### Supplied information:
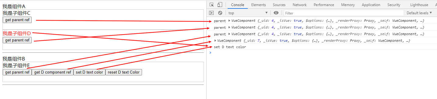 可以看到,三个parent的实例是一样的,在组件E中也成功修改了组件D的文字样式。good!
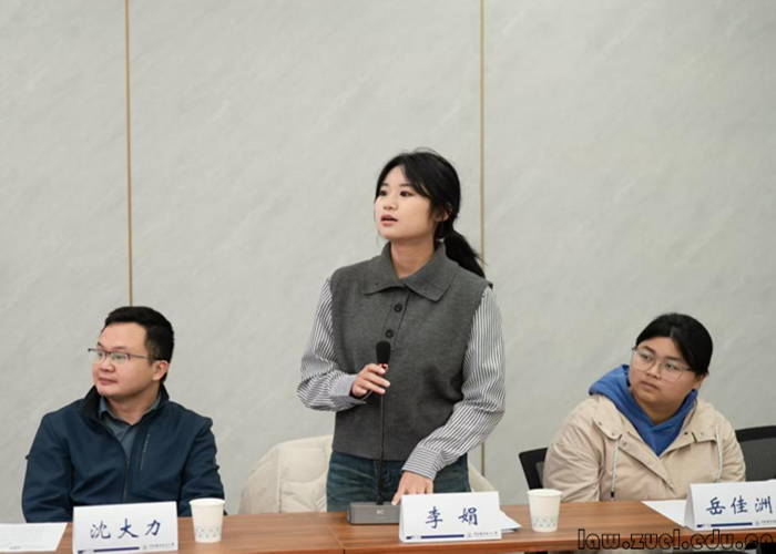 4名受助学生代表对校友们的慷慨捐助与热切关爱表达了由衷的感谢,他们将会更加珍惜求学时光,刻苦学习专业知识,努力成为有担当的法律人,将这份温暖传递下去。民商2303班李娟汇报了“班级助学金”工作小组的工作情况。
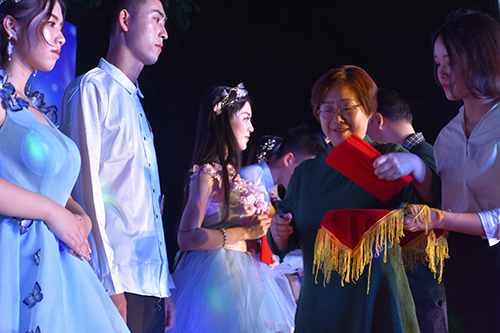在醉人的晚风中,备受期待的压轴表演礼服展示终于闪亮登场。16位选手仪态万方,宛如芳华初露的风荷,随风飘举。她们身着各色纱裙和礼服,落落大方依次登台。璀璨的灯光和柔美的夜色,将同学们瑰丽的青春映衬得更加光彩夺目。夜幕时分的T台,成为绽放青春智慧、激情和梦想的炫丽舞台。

### Your instructions:
Only the pictures are dropped. Otherwise, write out the listing exactly.

### Exercise response:
 可以看到,三个parent的实例是一样的,在组件E中也成功修改了组件D的文字样式。good!
 4名受助学生代表对校友们的慷慨捐助与热切关爱表达了由衷的感谢,他们将会更加珍惜求学时光,刻苦学习专业知识,努力成为有担当的法律人,将这份温暖传递下去。民商2303班李娟汇报了“班级助学金”工作小组的工作情况。
在醉人的晚风中,备受期待的压轴表演礼服展示终于闪亮登场。16位选手仪态万方,宛如芳华初露的风荷,随风飘举。她们身着各色纱裙和礼服,落落大方依次登台。璀璨的灯光和柔美的夜色,将同学们瑰丽的青春映衬得更加光彩夺目。夜幕时分的T台,成为绽放青春智慧、激情和梦想的炫丽舞台。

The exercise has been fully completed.